[ARVADOS] created: 744ed51008c0bffb9e88c0eb2f57af429c3ebed6
Git user
git at public.curoverse.com
Fri Apr 7 17:25:49 EDT 2017
at 744ed51008c0bffb9e88c0eb2f57af429c3ebed6 (commit)
commit 744ed51008c0bffb9e88c0eb2f57af429c3ebed6
Author: Tom Clegg <tom at curoverse.com>
Date: Fri Apr 7 15:20:04 2017 -0400
11349: Add management server with /status.json
diff --git a/services/nodemanager/arvnodeman/config.py b/services/nodemanager/arvnodeman/config.py
index aa9b3e2..30e8995 100644
--- a/services/nodemanager/arvnodeman/config.py
+++ b/services/nodemanager/arvnodeman/config.py
@@ -47,6 +47,8 @@ class NodeManagerConfig(ConfigParser.SafeConfigParser):
'node_stale_after': str(60 * 60 * 2),
'watchdog': '600',
'node_mem_scaling': '0.95'},
+ 'Manage': {'address': '127.0.0.1',
+ 'port': '-1'},
'Logging': {'file': '/dev/stderr',
'level': 'WARNING'},
}.iteritems():
diff --git a/services/nodemanager/arvnodeman/daemon.py b/services/nodemanager/arvnodeman/daemon.py
index 9441546..5522877 100644
--- a/services/nodemanager/arvnodeman/daemon.py
+++ b/services/nodemanager/arvnodeman/daemon.py
@@ -9,6 +9,7 @@ import time
import pykka
from . import computenode as cnode
+from . import status
from .computenode import dispatch
from .config import actor_class
@@ -253,6 +254,17 @@ class NodeManagerDaemonActor(actor_class):
states.append("shutdown")
return states + pykka.get_all(proxy_states)
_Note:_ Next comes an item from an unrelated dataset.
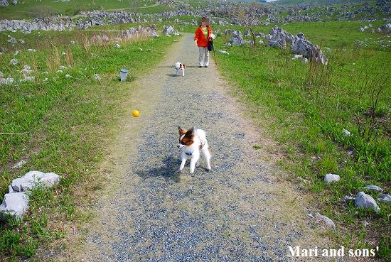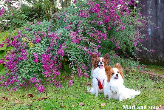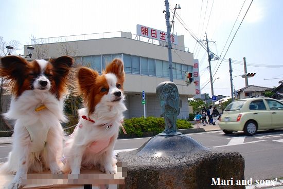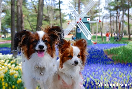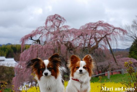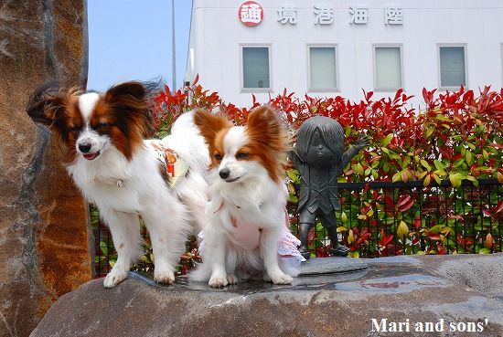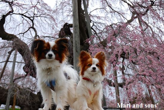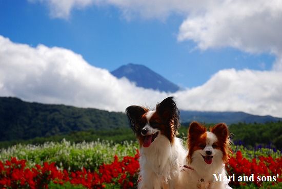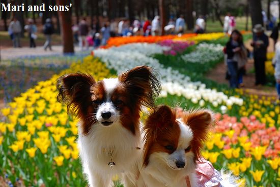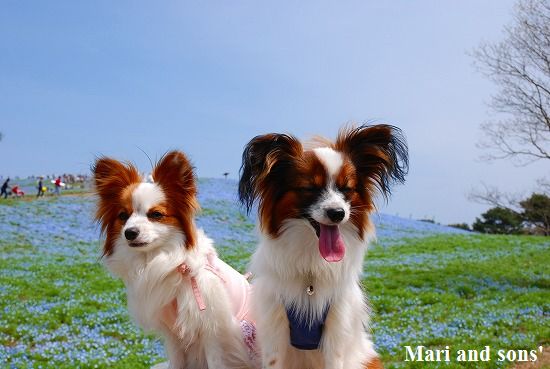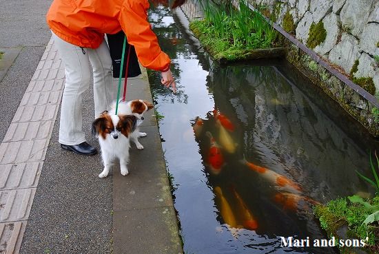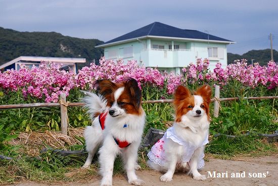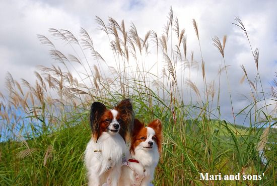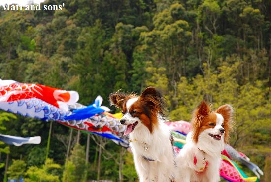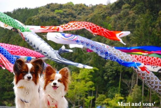 康太はその後も頑張ってお母さんの後に付いてくるのですが どうやらまりと一緒に居たいが為にだったようです 結局お母さんが二人一緒に抱っこして歩くと 満足 満足! |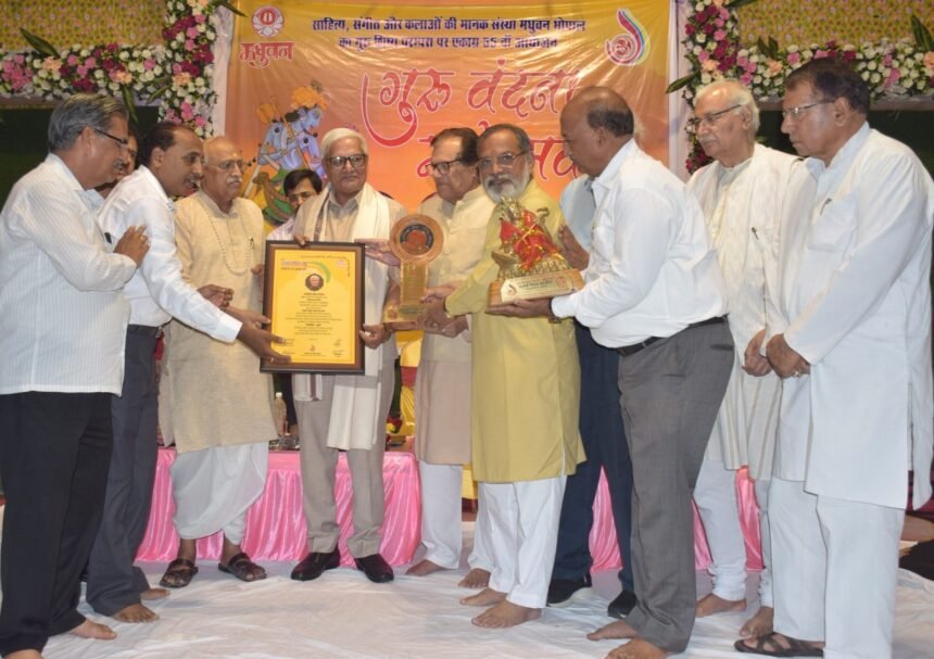मानस भवन के सभागार में आयोजित अभिनव कला परिषद एवं मधुवन के 55वें गुरु वंदना महोत्सव में अतिथियों ने देश के पद्मश्री अलंकृत श्री विजय दत्त श्रीधर को पत्रकारिता भूषण की मानद उपाधि , शीर्ष कला मनीषी श्री रमेश बोराणा – जोधपुर, डाॅ. हरिमोहन बुधौलिया – उज्जैन, डाॅ. राम वल्लभ आचार्य – भोपाल, पं. उमेश भट – उज्जैन एवं श्री गोपाल चन्द्र गुप्ता – नरसिंहगढ़ को *श्रेष्ठ कला आचार्य तथा पं. कमल कामले, पं. अनिल पौराणिक को अभिनव संगीत रत्न तथा श्री देवेन्द्र सक्सेना श्री बद्र वास्ती, शोएब खान एवं श्रीमती प्रीति राठौर को अभिनव कला सम्मान प्रदान कर सम्मानित किया । इस अवसर पर कीर्ति सूद ने भजन एवं पं. कमल कामले ने वायलिन वादन की प्रस्तुति दी । तबले पर साथ रामेन्द्र सिंह सोलंकी ने संगति दी ।

+ def _update_tracker(self):
+ updates = {
+ k: 0
+ for k in status.tracker.keys()
+ if k.startswith('nodes_')
+ }
+ for s in self._node_states(size=None):
+ updates.setdefault('nodes_'+s, 0)
+ updates['nodes_'+s] += 1
+ status.tracker.update(updates)
+
def _state_counts(self, size):
states = self._node_states(size)
counts = {
@@ -337,6 +349,10 @@ class NodeManagerDaemonActor(actor_class):
self._later.stop_booting_node(size)
except Exception as e:
self._logger.exception("while calculating nodes wanted for size %s", getattr(size, "id", "(id not available)"))
+ try:
+ self._update_tracker()
+ except:
+ self._logger.exception("while updating tracker")
def _check_poll_freshness(orig_func):
"""Decorator to inhibit a method when poll information is stale.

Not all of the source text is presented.